*** INFORMATION SUPPLIED

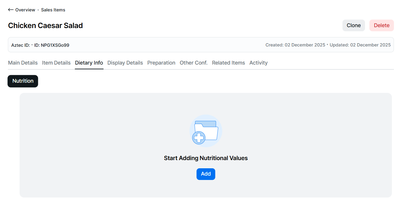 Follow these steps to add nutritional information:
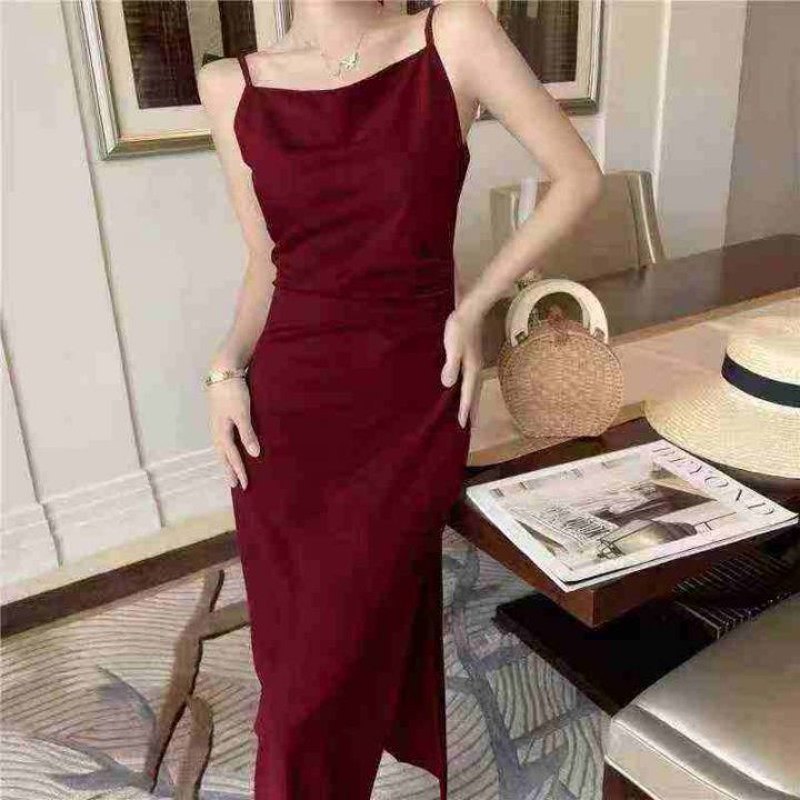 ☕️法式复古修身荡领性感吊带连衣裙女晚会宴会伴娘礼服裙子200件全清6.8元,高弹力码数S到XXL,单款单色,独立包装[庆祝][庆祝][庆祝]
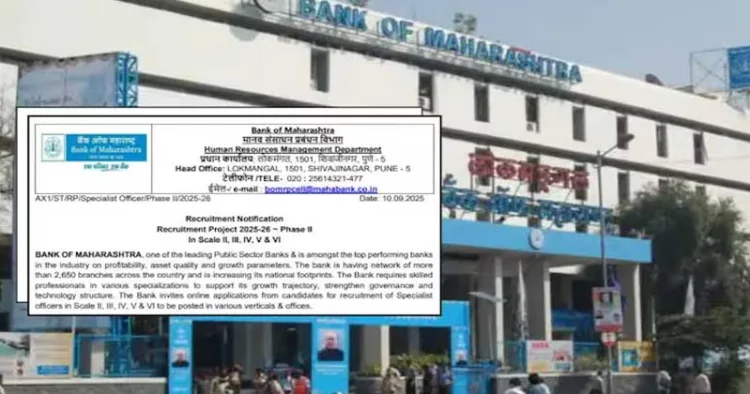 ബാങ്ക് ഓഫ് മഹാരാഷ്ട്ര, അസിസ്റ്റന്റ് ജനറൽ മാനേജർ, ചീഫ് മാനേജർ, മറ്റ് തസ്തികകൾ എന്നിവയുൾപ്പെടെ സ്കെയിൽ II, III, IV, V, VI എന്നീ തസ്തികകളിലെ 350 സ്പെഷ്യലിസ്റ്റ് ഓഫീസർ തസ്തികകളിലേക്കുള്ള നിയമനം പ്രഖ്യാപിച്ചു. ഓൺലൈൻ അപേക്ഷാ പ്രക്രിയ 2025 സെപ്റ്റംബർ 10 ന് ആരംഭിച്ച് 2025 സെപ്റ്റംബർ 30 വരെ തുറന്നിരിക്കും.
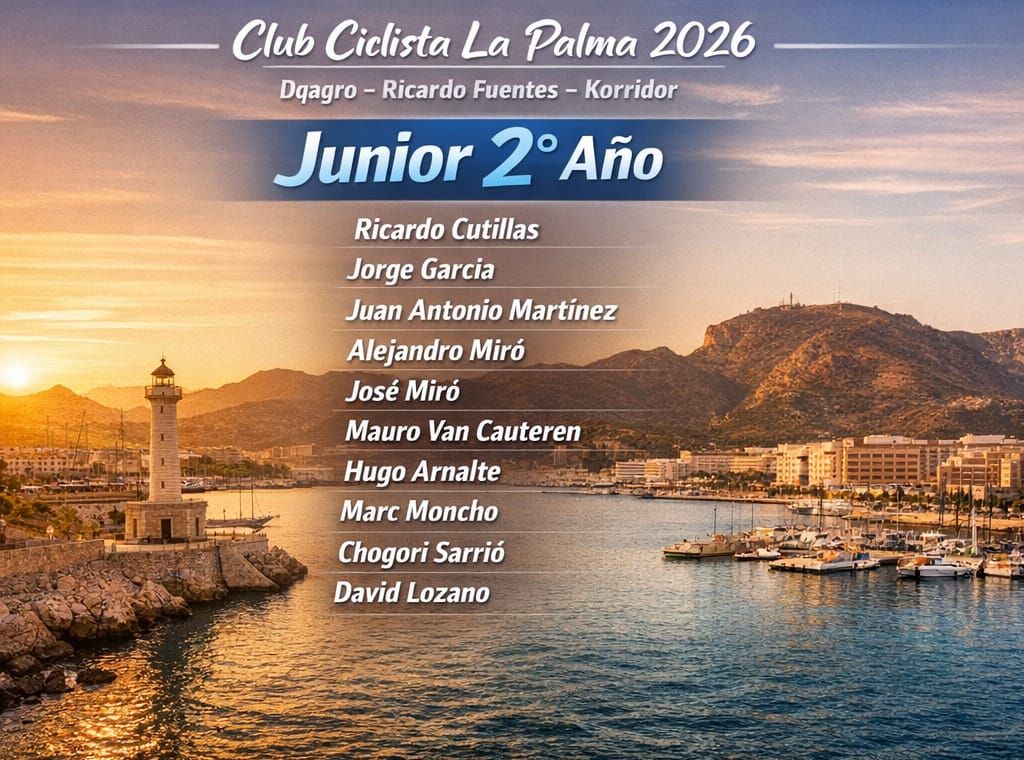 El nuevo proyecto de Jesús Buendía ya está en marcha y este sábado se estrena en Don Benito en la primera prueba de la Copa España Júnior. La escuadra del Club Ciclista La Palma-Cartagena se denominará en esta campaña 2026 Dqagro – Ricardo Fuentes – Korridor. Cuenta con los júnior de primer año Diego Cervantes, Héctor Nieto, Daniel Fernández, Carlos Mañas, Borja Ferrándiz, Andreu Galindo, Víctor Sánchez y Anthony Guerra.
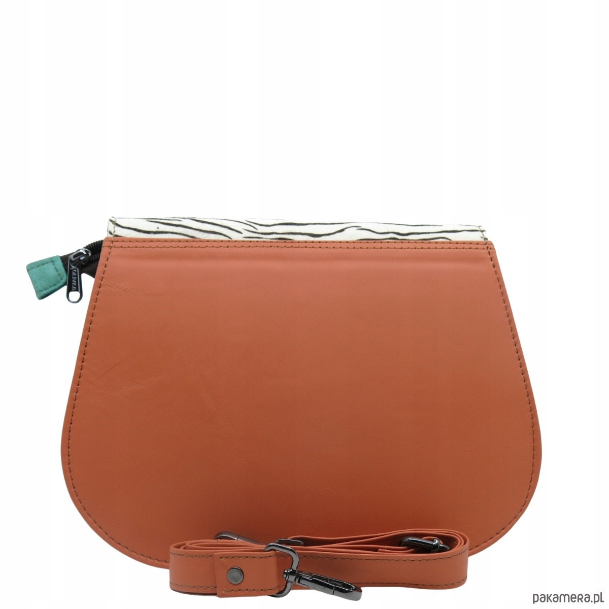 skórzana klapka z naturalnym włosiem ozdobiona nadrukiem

******
*** INFORMATION SUPPLIED

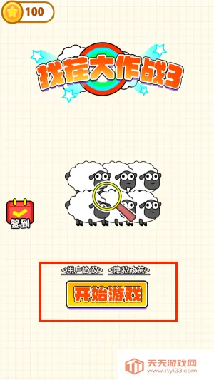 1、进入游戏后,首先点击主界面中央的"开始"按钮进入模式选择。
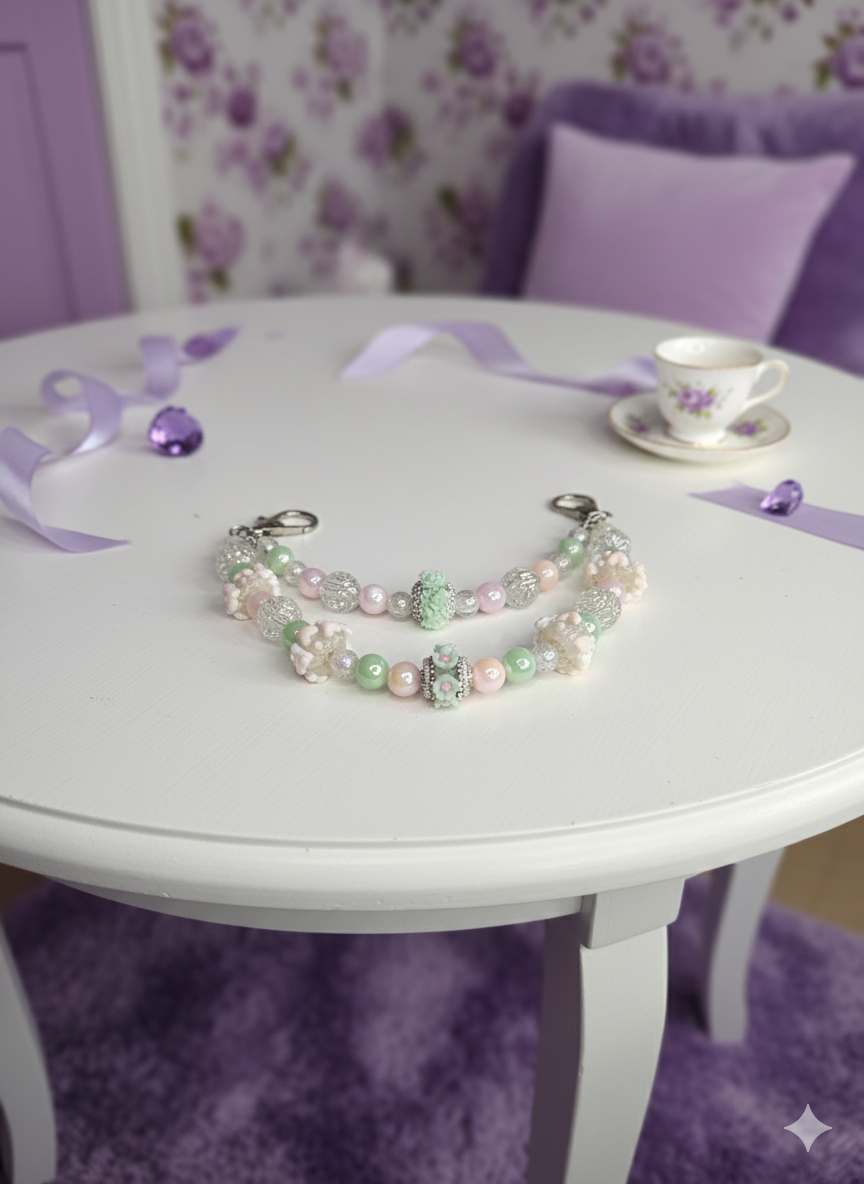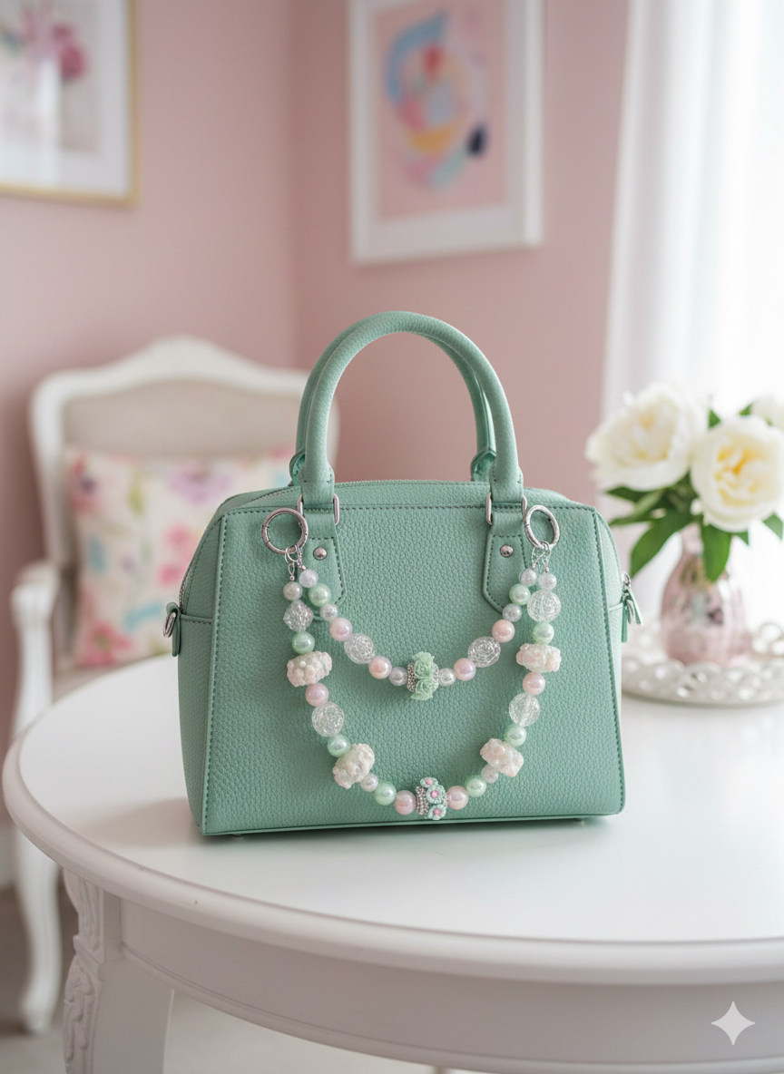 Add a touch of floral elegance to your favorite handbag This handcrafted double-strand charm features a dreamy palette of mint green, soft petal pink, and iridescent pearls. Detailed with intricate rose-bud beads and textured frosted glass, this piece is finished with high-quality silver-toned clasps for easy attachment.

******
*** INFORMATION SUPPLIED

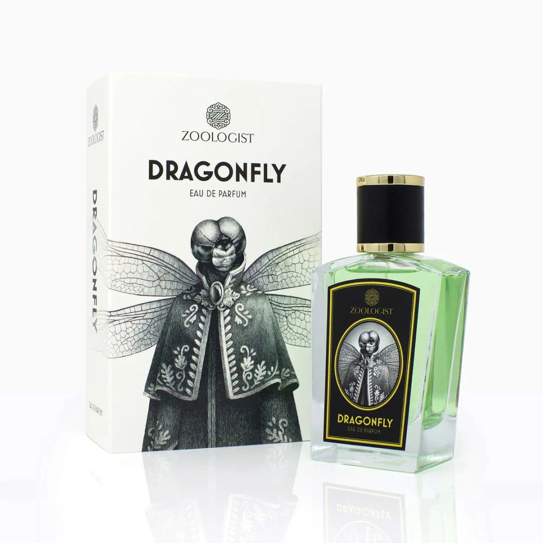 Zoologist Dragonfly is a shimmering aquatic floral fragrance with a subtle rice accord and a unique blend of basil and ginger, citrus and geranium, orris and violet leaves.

******

* [DIRECTIONS]: Starting at the line above that contains "Follow these steps", transcribe every line exactly through the line that contains "El nuevo proyecto", including that last one, and skip the pictures.

* [OUTPUT]:
 Follow these steps to add nutritional information:
 ☕️法式复古修身荡领性感吊带连衣裙女晚会宴会伴娘礼服裙子200件全清6.8元,高弹力码数S到XXL,单款单色,独立包装[庆祝][庆祝][庆祝]
 ബാങ്ക് ഓഫ് മഹാരാഷ്ട്ര, അസിസ്റ്റന്റ് ജനറൽ മാനേജർ, ചീഫ് മാനേജർ, മറ്റ് തസ്തികകൾ എന്നിവയുൾപ്പെടെ സ്കെയിൽ II, III, IV, V, VI എന്നീ തസ്തികകളിലെ 350 സ്പെഷ്യലിസ്റ്റ് ഓഫീസർ തസ്തികകളിലേക്കുള്ള നിയമനം പ്രഖ്യാപിച്ചു. ഓൺലൈൻ അപേക്ഷാ പ്രക്രിയ 2025 സെപ്റ്റംബർ 10 ന് ആരംഭിച്ച് 2025 സെപ്റ്റംബർ 30 വരെ തുറന്നിരിക്കും.
 El nuevo proyecto de Jesús Buendía ya está en marcha y este sábado se estrena en Don Benito en la primera prueba de la Copa España Júnior. La escuadra del Club Ciclista La Palma-Cartagena se denominará en esta campaña 2026 Dqagro – Ricardo Fuentes – Korridor. Cuenta con los júnior de primer año Diego Cervantes, Héctor Nieto, Daniel Fernández, Carlos Mañas, Borja Ferrándiz, Andreu Galindo, Víctor Sánchez y Anthony Guerra.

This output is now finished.